Top of RECORD EXTRACTS

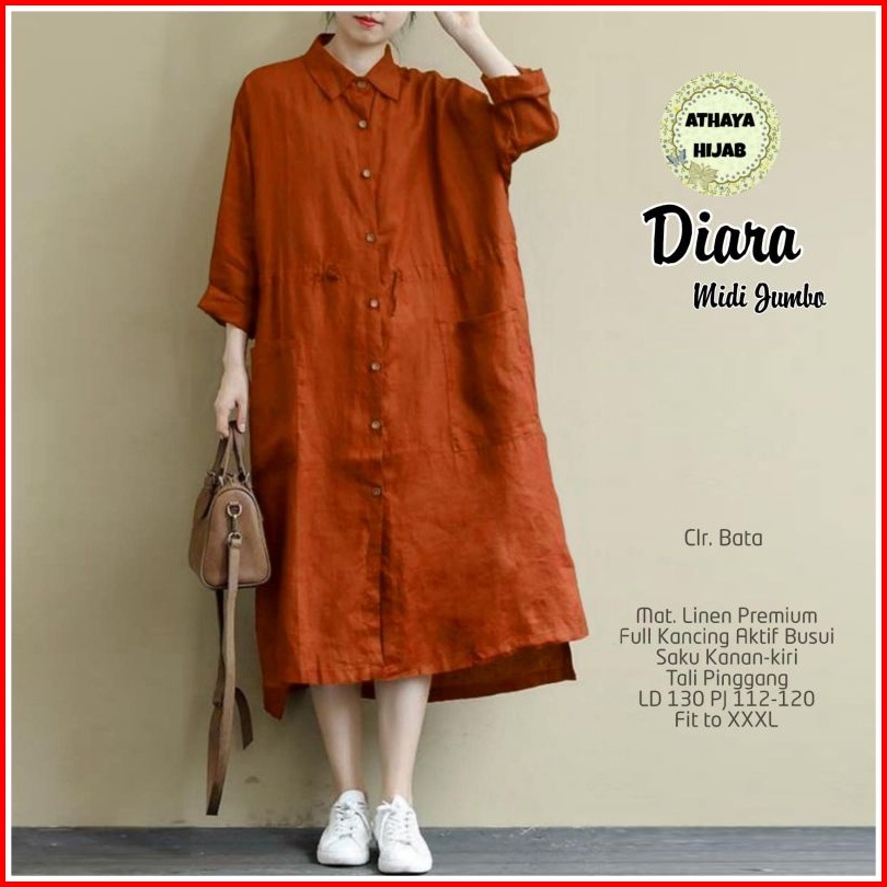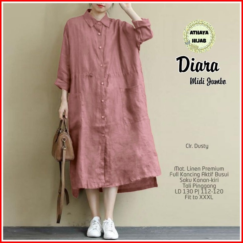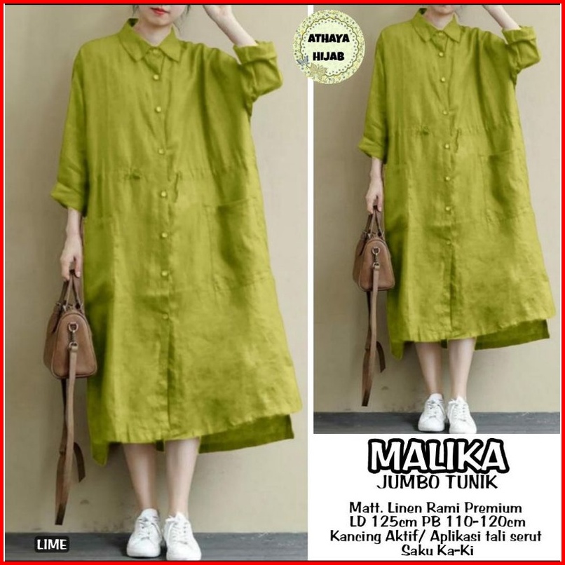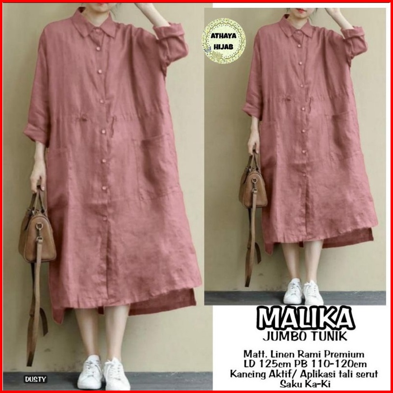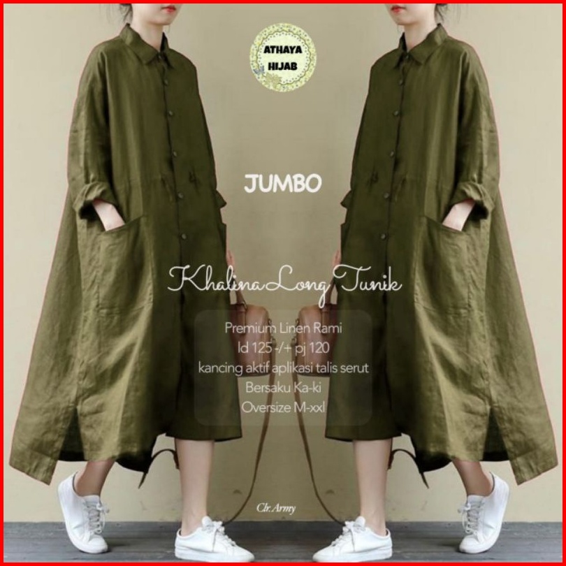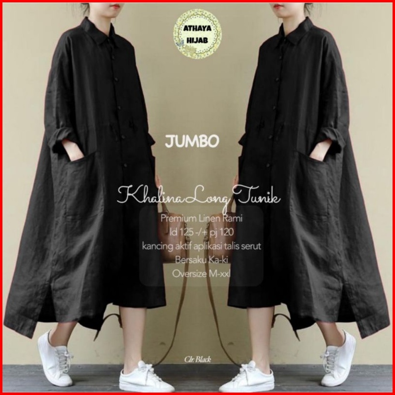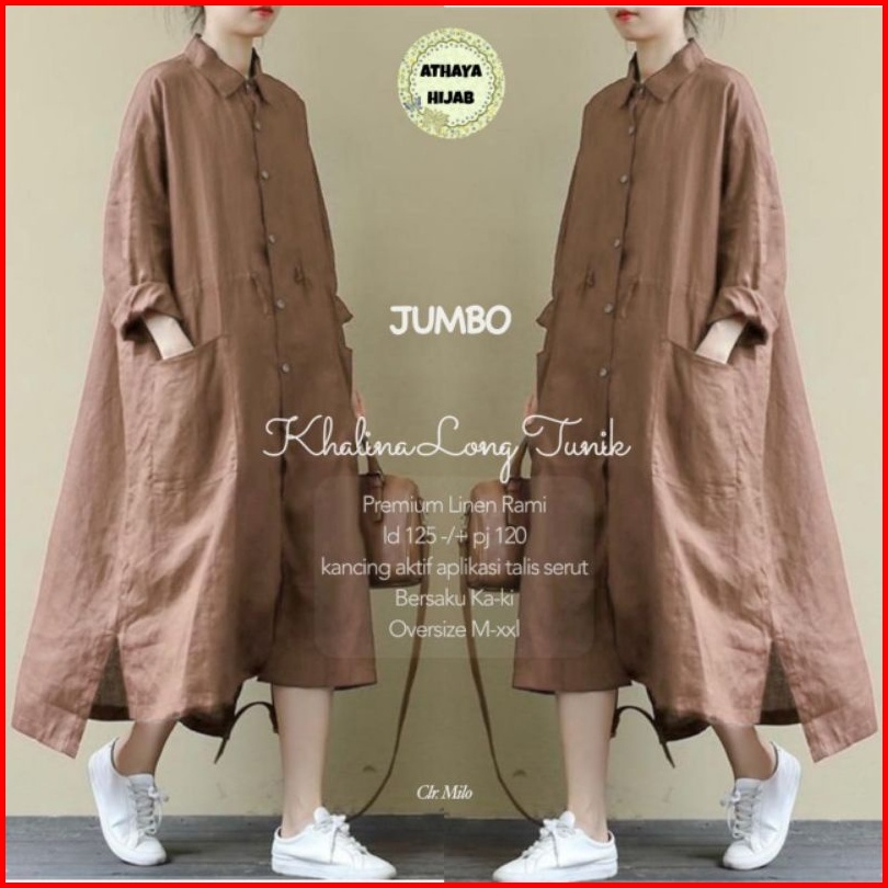 Tunik Wanita Oversize Khalina Long Tunik Jumbo Premium Ld 125 Linen Rami Ori Athaya
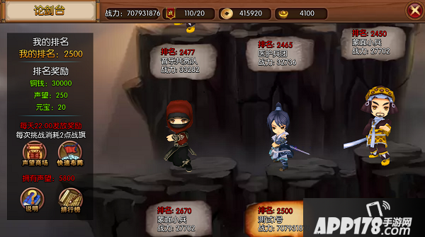 ▲别人的失败就是我的成功!在论剑台使用战旗点数和其它玩家比拼战力,排名越高每日结算奖励也越大。
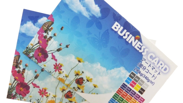 アート紙に両面マットコートを施し、その上に部分的にUVコーティング加工を施した商品です!!
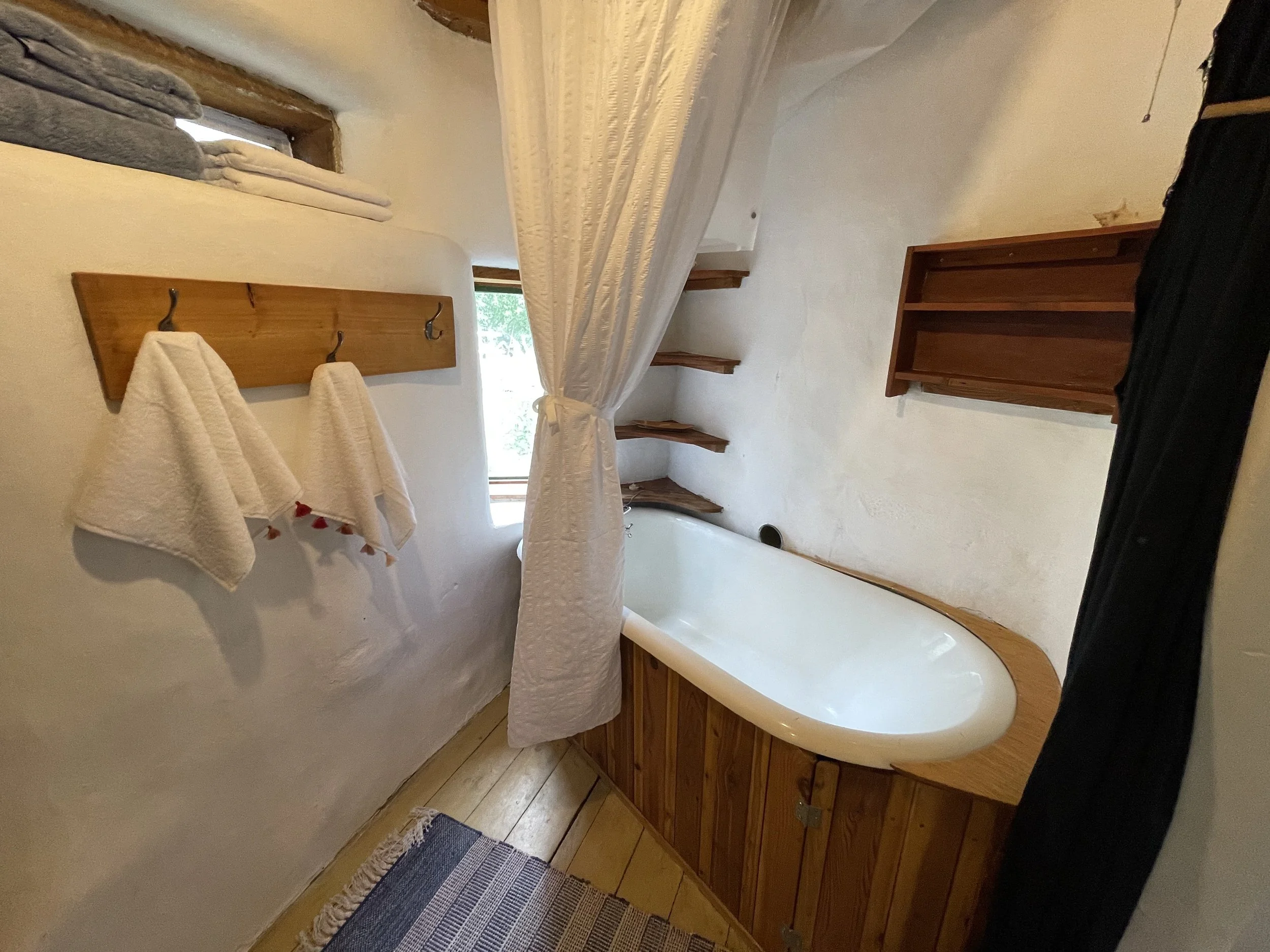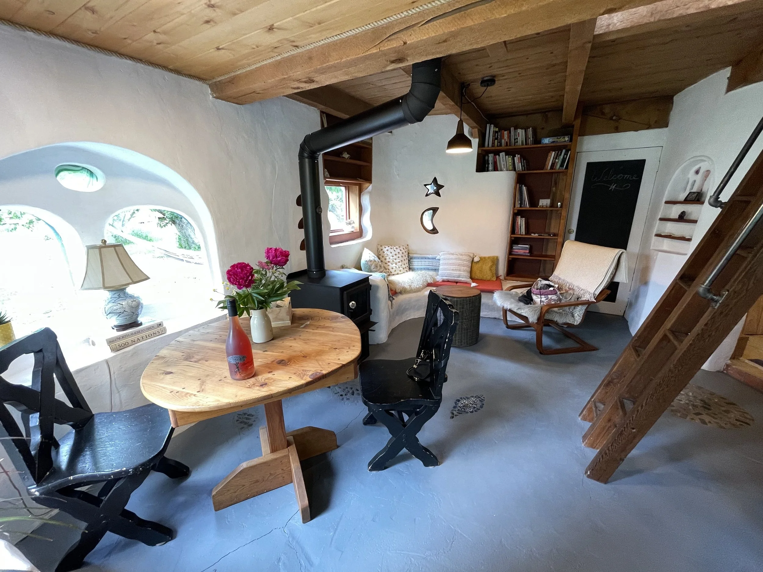 Inside the Cob House, guests will find a full kitchen, a sleeping loft with splendid views of the valley, a half bathroom with a tub, a wood stove, a patio, and an outhouse. Not only does the Cob House have all the necessities one would need for a great stay it also checks all the boxes in terms of creativity, as there are tons of cute little details.
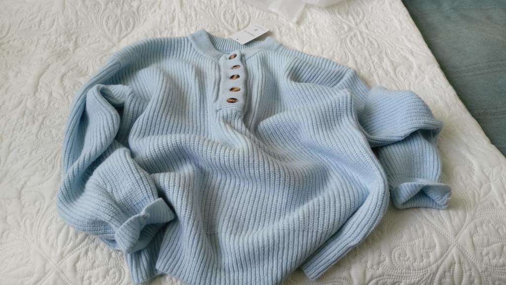 ZIMOXUAN Herbst und Winter neue Rundhals-Pullover Tops einfarbige Knopf-Pullover-Pullover
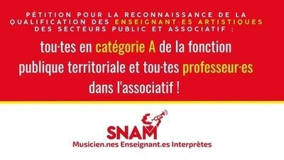 Pétition pour la reconnaissance de la qualification des enseignant·es artistiques des secteurs public et associatif : tou·tes en catégorie A de la fonction publique territoriale et tou·tes professeur·es dans l'associatif !
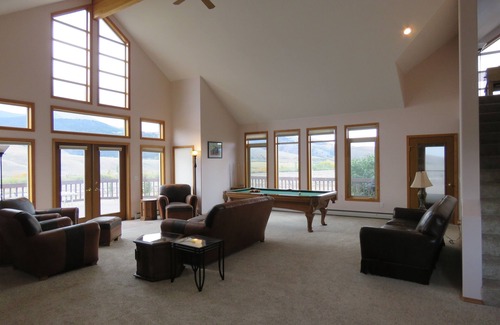 Get away from it all to this beautiful 3700 sq foot mountain retreat. 3 large bedrooms, loft, bunk room and extra floor space can accommodate families and large groups. Pool table, foosball, and air hockey for evening entertainment. High speed internet available. The kitchen is fully equipped so you can fix your own meals or you can dine out at the Grasshopper Inn or Elkhorn only minutes away. In the winter you can enjoy skiing at Maverick Mountain Ski Resort, cross country skiing or snowmobiling on miles of trails and then head over to Elkhorn Hotsprings for a hot soak all within minutes of the house. In the summer enjoy exploring the Pioneer Mountains hiking, biking, horseback riding or fishing in the many streams and lakes in the area. There is a corral available for horses at the house.
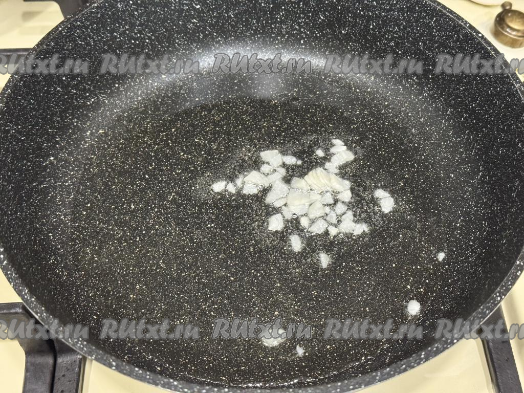 В сковороду влить растительное масло, разогреть, выложить очищенные и мелко нарезанные зубчики чеснока, обжарить на среднем огне 1 минуту, периодически перемешивая.
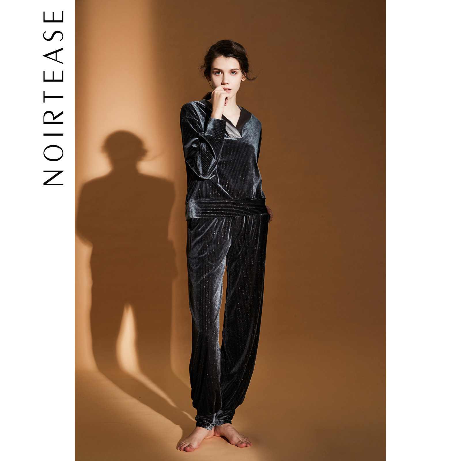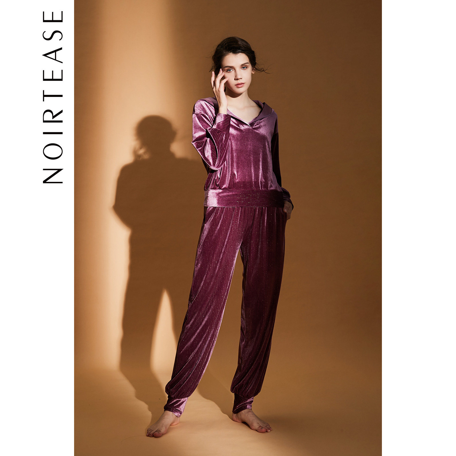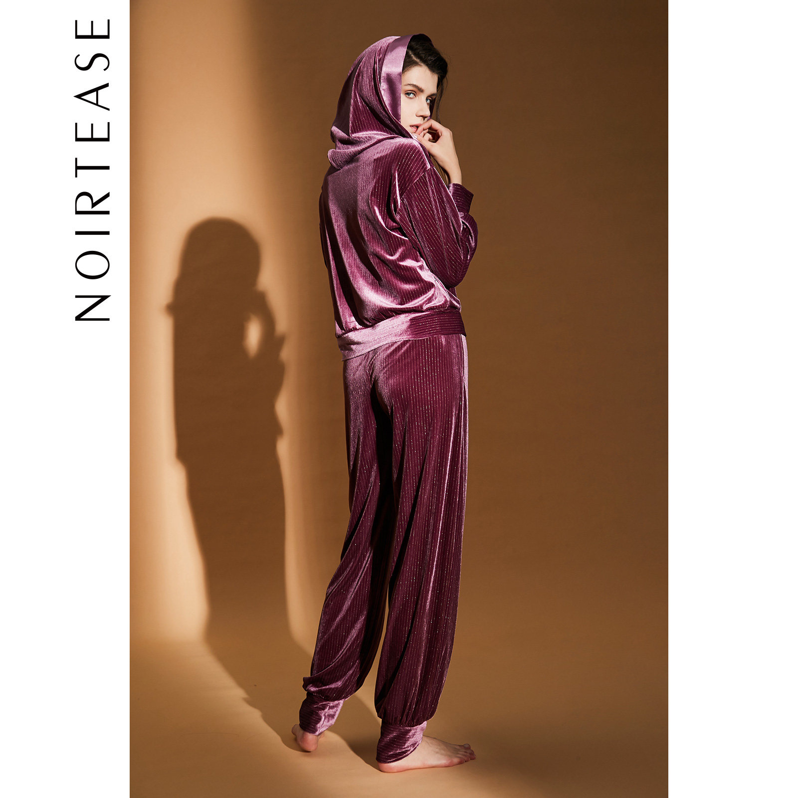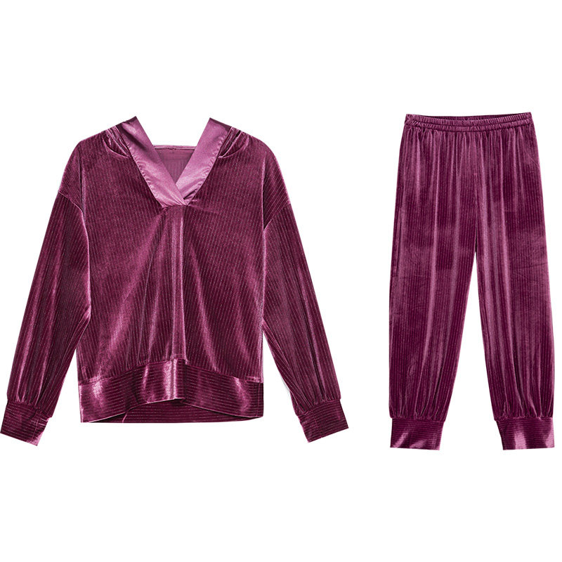 NoirTease奈黎诗春秋女士丝绒可外穿连帽长袖家居服套装秋非睡衣
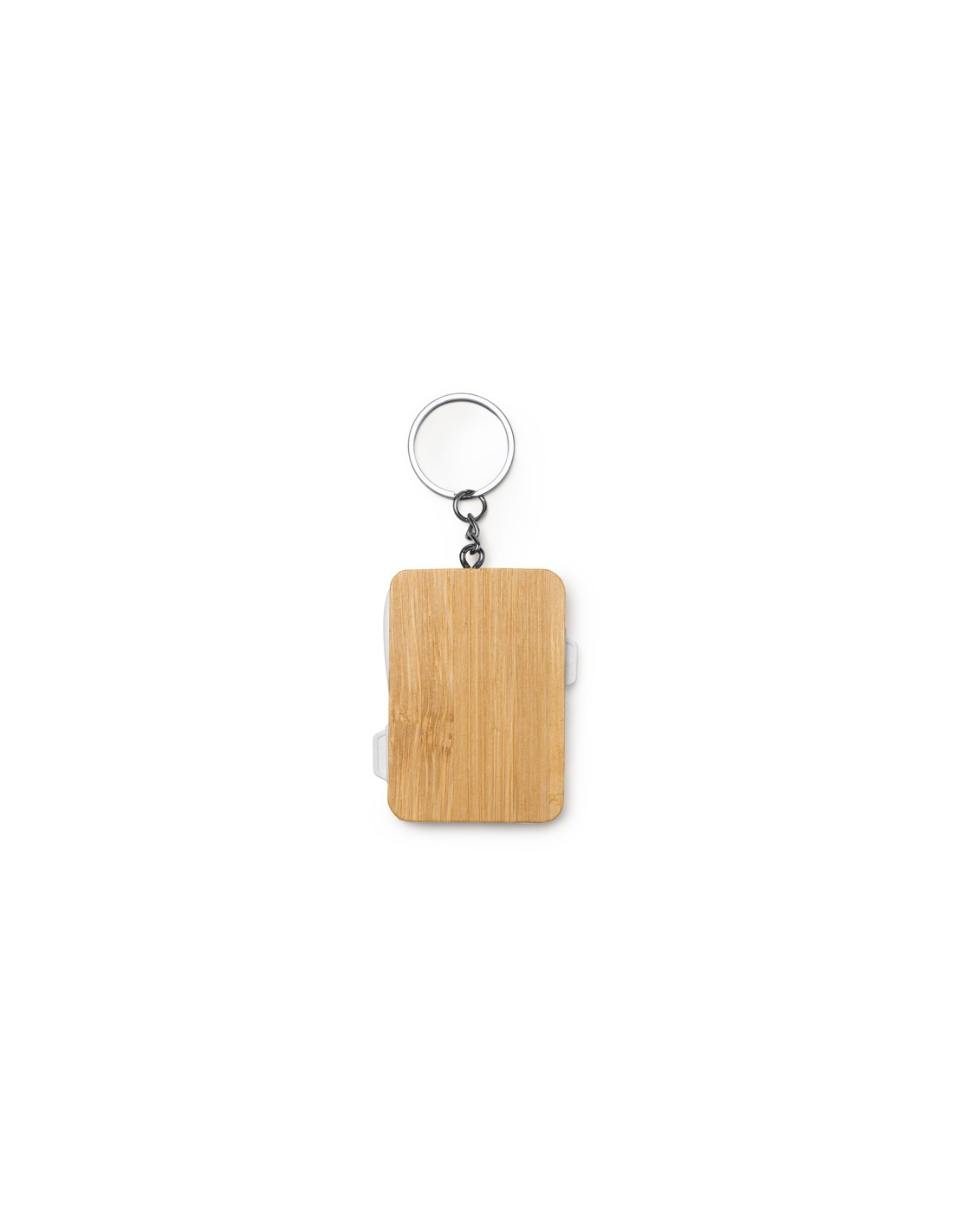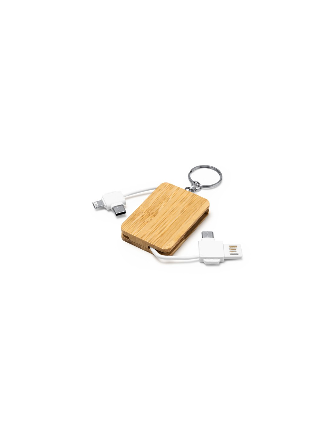 Brelok z kablem ładującym 3 w 1. Główna konstrukcja wykonana z bambusa. Złącze mikro USB, USB typu C i Lightning. Zapakowany w pudełku z okienkiem zaprojektowanym z myślą o środowisku.
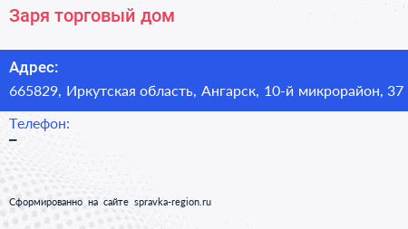 Заря, торговый дом по адресу 665829, Иркутская область, Ангарск, 10-й микрорайон, 37 в дальнейшем Организация, размещена в следующих категориях:
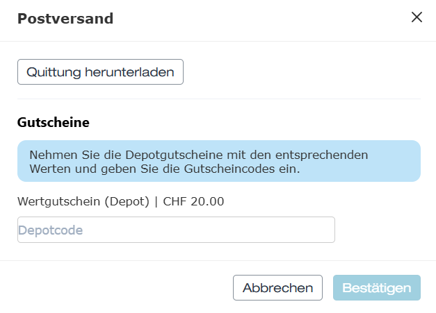 Nehmen Sie einen vorbereiteten Depotgutschein mit dem entsprechenden Wert oder mit einem freien Betrag und geben Sie dessen Gutscheincode ein und klicken Sie auf Bestätigen.
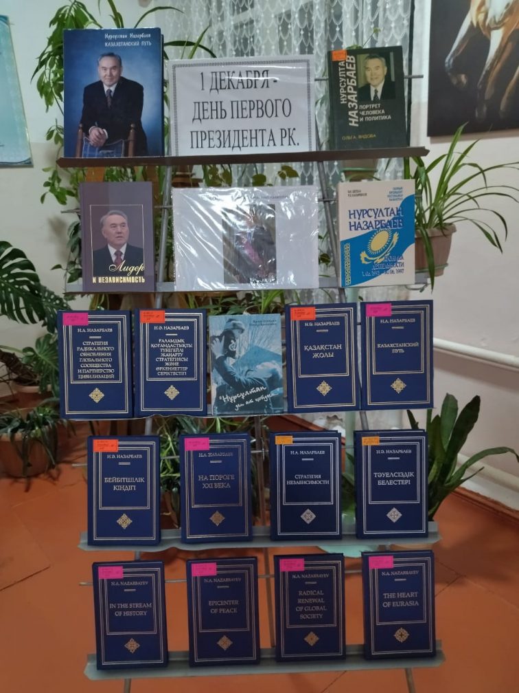1 желтоқсанда мектепте Тұңғыш Президент күніне арналған кітап көрмесі өтті.

Bottom of RECORD EXTRACTS

ACTIVITY
In the records above, transcribe exactly the lines from the one containing "ZIMOXUAN Herbst und" through the last line, both included, and skip the pictures.

EXERCISE RESPONSE
 ZIMOXUAN Herbst und Winter neue Rundhals-Pullover Tops einfarbige Knopf-Pullover-Pullover
 Pétition pour la reconnaissance de la qualification des enseignant·es artistiques des secteurs public et associatif : tou·tes en catégorie A de la fonction publique territoriale et tou·tes professeur·es dans l'associatif !
 Get away from it all to this beautiful 3700 sq foot mountain retreat. 3 large bedrooms, loft, bunk room and extra floor space can accommodate families and large groups. Pool table, foosball, and air hockey for evening entertainment. High speed internet available. The kitchen is fully equipped so you can fix your own meals or you can dine out at the Grasshopper Inn or Elkhorn only minutes away. In the winter you can enjoy skiing at Maverick Mountain Ski Resort, cross country skiing or snowmobiling on miles of trails and then head over to Elkhorn Hotsprings for a hot soak all within minutes of the house. In the summer enjoy exploring the Pioneer Mountains hiking, biking, horseback riding or fishing in the many streams and lakes in the area. There is a corral available for horses at the house.
 В сковороду влить растительное масло, разогреть, выложить очищенные и мелко нарезанные зубчики чеснока, обжарить на среднем огне 1 минуту, периодически перемешивая.
 NoirTease奈黎诗春秋女士丝绒可外穿连帽长袖家居服套装秋非睡衣
 Brelok z kablem ładującym 3 w 1. Główna konstrukcja wykonana z bambusa. Złącze mikro USB, USB typu C i Lightning. Zapakowany w pudełku z okienkiem zaprojektowanym z myślą o środowisku.
 Заря, торговый дом по адресу 665829, Иркутская область, Ангарск, 10-й микрорайон, 37 в дальнейшем Организация, размещена в следующих категориях:
 Nehmen Sie einen vorbereiteten Depotgutschein mit dem entsprechenden Wert oder mit einem freien Betrag und geben Sie dessen Gutscheincode ein und klicken Sie auf Bestätigen.
1 желтоқсанда мектепте Тұңғыш Президент күніне арналған кітап көрмесі өтті.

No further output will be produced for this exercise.